The Cypress String Quartet played in Chautauqua during the last week of the recently completed season. So not only did we finally get to hear Jennifer in concert, but Kim and I were able to share breakfast with her earlier in the day at Sadie J’s, a celebratory glass of wine and dinner on the lake in Bemus after the concert, and then dessert and conversation long into the night in our home.
It was good beyond words to see Jennifer again. Jennifer was one of those young people for whom discovery of a significant gift at a young age was both blessing and curse. Jennifer arose before five o’clock every morning throughout her childhood and high school years so that she could practice the cello for several hours before school. Frequently she journeyed out of town on weekends for recitals or competitions or lessons with premiere musicians. Sometimes Jennifer's classmates were jealous of Jennifer and her focused life in ways they did not even really understand. There were days she felt outside of the social loop. Like an Olympic athlete in training, there were events and experiences that Jennifer passed up along the way so that she could someday realize her dream of performing with an ensemble as accomplished as the Cypress String Quartet. So it was gratifying for Kim and me to see Jennifer having “made it” and happy and fulfilled.

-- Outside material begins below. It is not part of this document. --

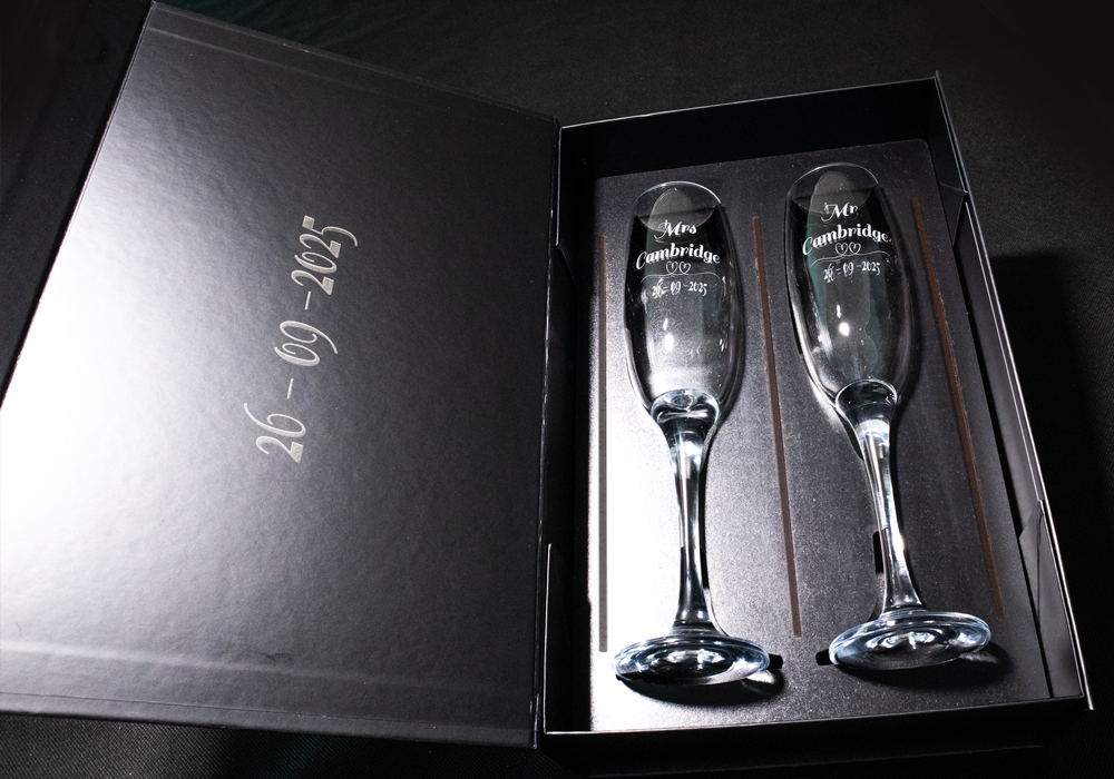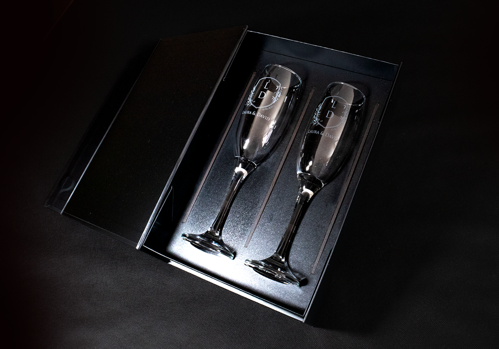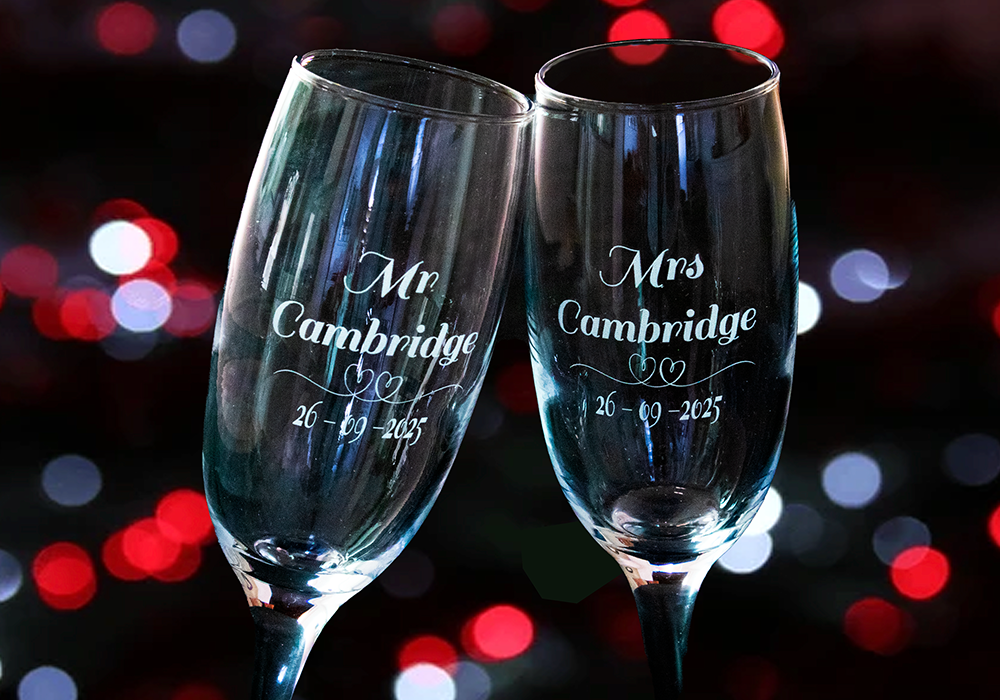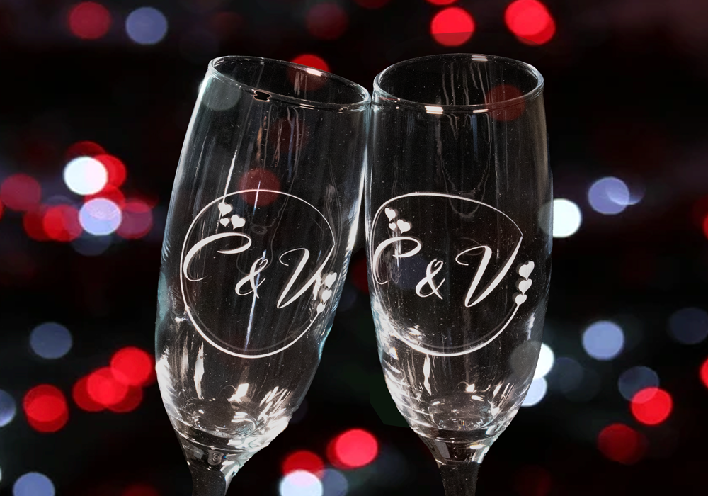 Price is per pair of engraved champagne glasses for marriages, celebrations, presentations etc.

I tell that story because our friendship with Jennifer was made and developed in the church. At the end of the day, the church is about relationships. One of the sweetest sentences in scripture is when Jesus says to his disciples, "No longer do I call you servants; now I call you friends." The “beloved community” that is the goal of gospel life is not so much about getting orthodoxy right as it is about nurturing friendships. It certainly is possible to make and have great friends outside of the church. But there is a distinctive character and depth to friendships born in the crucible of seeking to learn and live the gospel together, special ties and unique dimensions to friendships in the church that fasten us to one another in profound ways that sometimes are not fully evident until the rough patches in our lives arise.
With the coming of September and another new season in our congregational life, I want to encourage you consciously to seek and to deepen friendships with other members of the church. Let the church be a seedbed for your friendships. In no way am I calling us to roll back our outreach into the community or our mission efforts. I am not suggesting that you should not have friendships beyond the church. I simply am claiming that one of the greatest gifts offered by membership in the church is the gift of transcendent friendship, a gift sometimes overlooked or taken for granted.
We need to work at these friendships. We need to avail ourselves of opportunities to get to know each other past the Sunday morning pew. Participate in church life beyond worship. Invite someone you do not know very well to dinner. The treasure-trove in doing so is that friendships formed within the church help us to center our lives in ways that make us more just, compassionate, and sensitive to the “bigger picture” of life. Friendships fostered within the church have a greater chance of allowing us to be our own true selves. Friendships created within the church find ways to endure across the years even when distance and year separate us. (Witness Kim's friendship and mine with Jennifer.) Friendships developed within the church are likely to encourage greater expansiveness in our thinking since they are based on love that is deeper than theological or social affinities. Thus we are freed to disagree and to differ, and thereby to learn, without fear of jeopardizing our friendships. Then, too, this is true: When we delight in caring for each other and spending time together within the church, we are more likely also to befriend the world beyond the church in ways that make for peace and hope.